Worried about not having enough iron in your diet? This article is for you.
Iron is one of the more crucial minerals that have many roles to assure proper bodily function. It plays a huge role in the creation and function of red blood cells, who are in charge of transporting oxygen to all your organs. It is also crucial for energy metabolism and the immune system.
Some visible signs you are lacking iron in your diet are, firstly, anemia (which can be detected with fatigue and weakness), but also a decrease in immune function (after which you end up getting sick more often), and improper development in children.
Over-consumption of iron, which doesn’t happen usually with a diet, but moreso when supplements are taken, is gastro-intestinal discomfort, such as diarrhea.
How much iron do I need in a day?
For adult women: 15 to 18 milligrams a day.

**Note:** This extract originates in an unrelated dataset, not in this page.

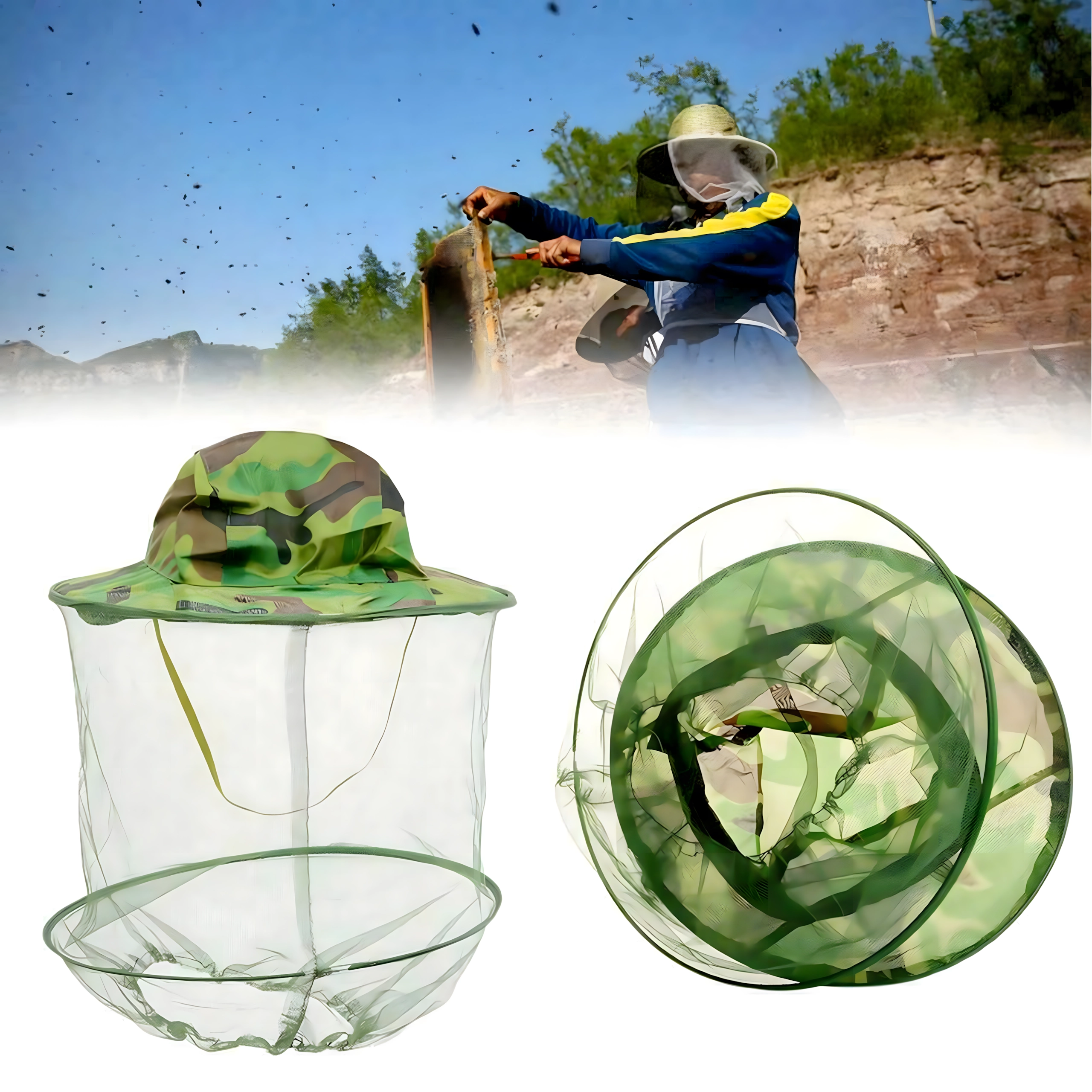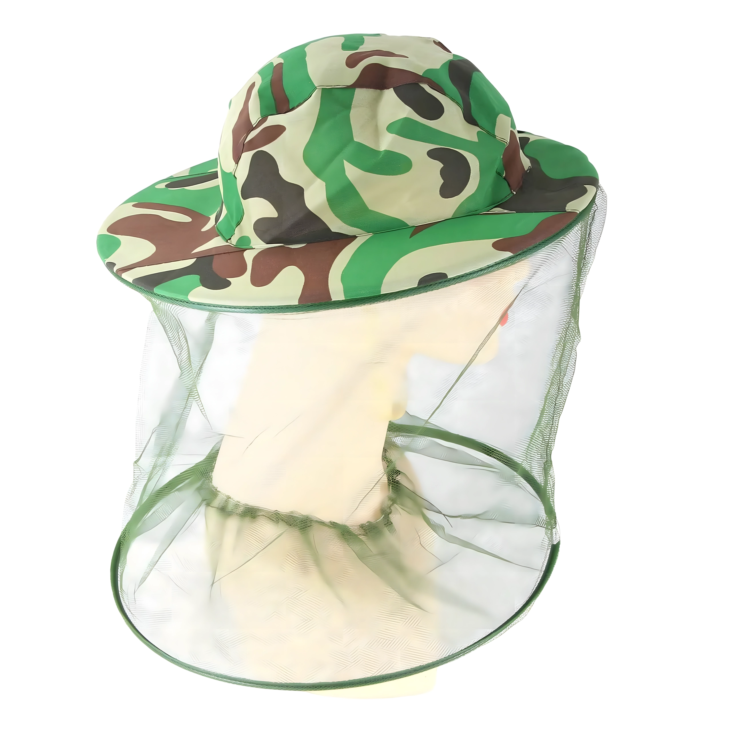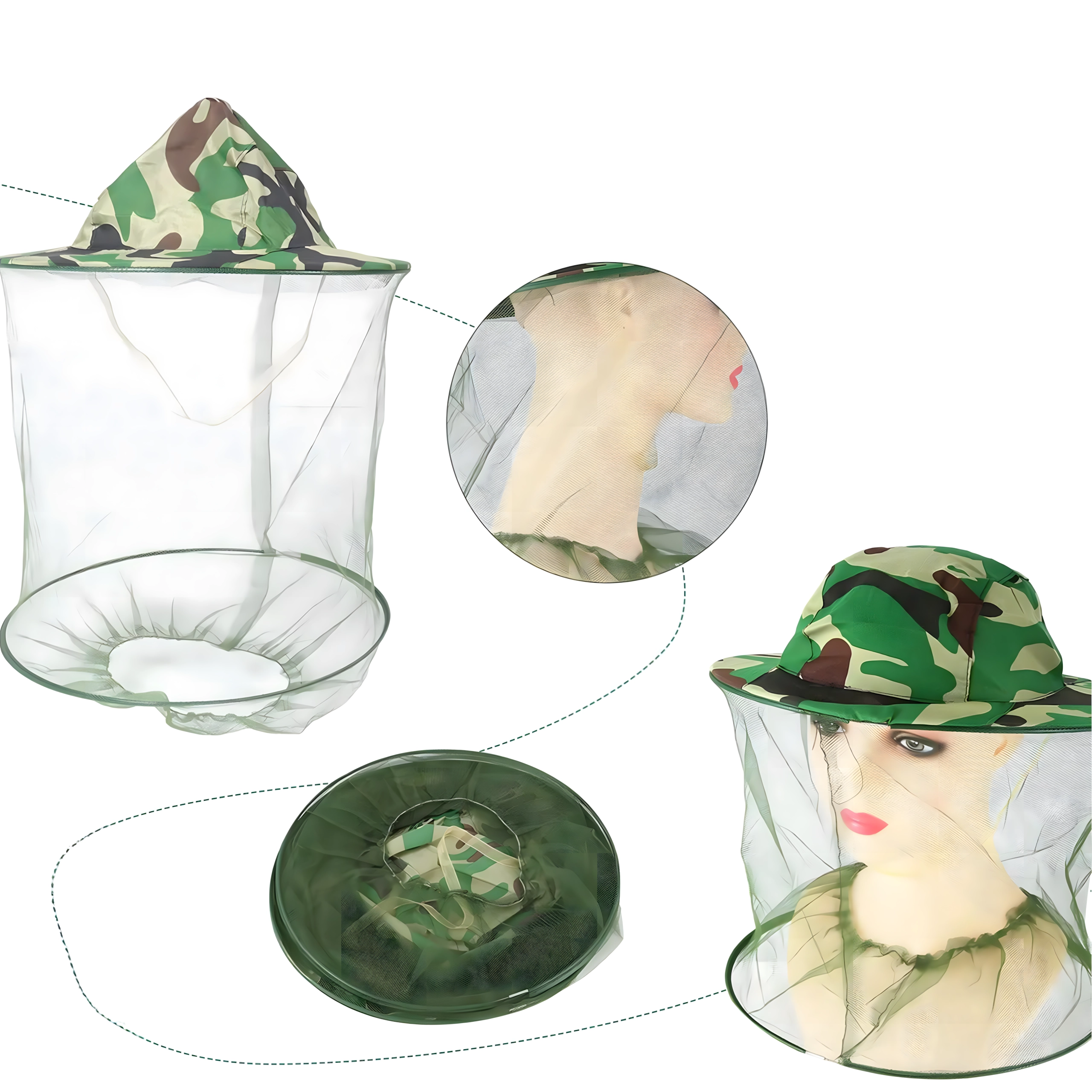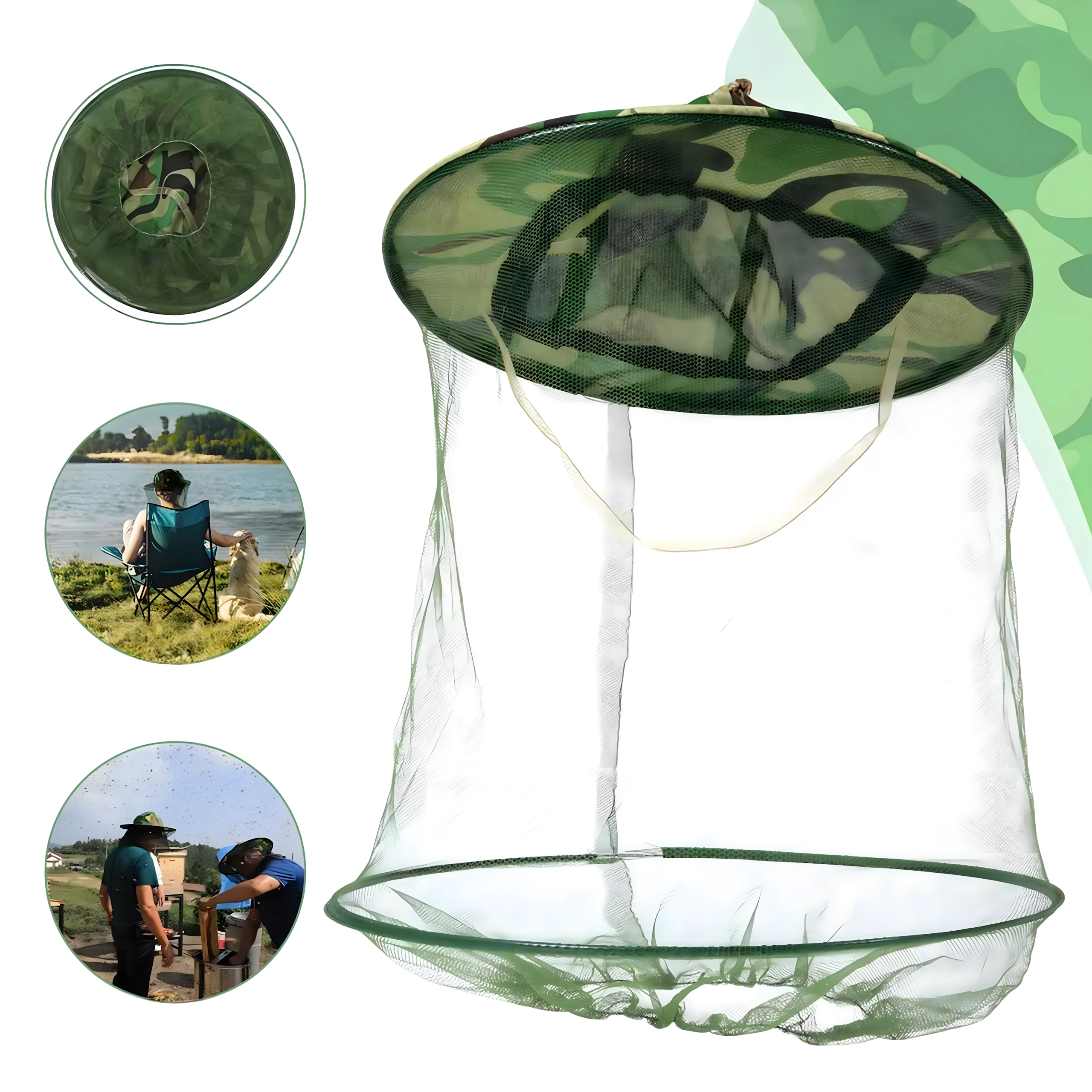 Široká krempa drží síť dál od obličeje a kamuflážní vzor se hodí pro rybáře, myslivce i outdoorové nadšence.

This number drops down to 8 milligrams a day after the age of 50.
During pregnancy: 27 milligrams a day
For adult men: 8 milligrams a day
For kids over 1 year of age: between 7 and 10 milligrams a day
Lucky for us, there has been a lot of research, which allows us to know exactly what nutrients our food contains. To help you maximize your iron in your day, here is the list of the top 10 food sources of iron:
Sesame seeds: 15 milligrams of iron per 100 grams of food
Chicken liver: 13 milligrams of iron per 100 grams of food
Oysters/mussels: 7.5 milligrams of iron per 100 grams of food
Almonds: 5 milligrams of iron per 100 grams of food
Beef (lean): 3 milligrams of iron per 100 grams of food
Sardines (canned, in oil): 3 milligrams of 100 grams of food
Whole-wheat enriched toast: 1 milligram of iron per toast, or 2.5 milligrams of iron per 100 grams of food
The following foods all have the same amount of iron per 100 g (1,5 milligrams of iron/100 grams of food):
canned tuna, canned red kidney beans, extra-firm tofu, cooked quinoa, enriched egg noodles
The following foods all have the same amount of iron per 100 g (1 milligram of iron/100 grams of food)
Atlantic salmon, chicken (white meat), canned chickpeas, oats
Spinach & Broccoli (0.8-0.9 milligrams of iron per 100 grams of food)
The trouble with these foods, is that 100 grams of it, might be way too much for most people to eat. Although they are a good choice to add in recipes for that boost of iron, we wouldn’t depend on only these 2 foods to fulfill our needs in iron.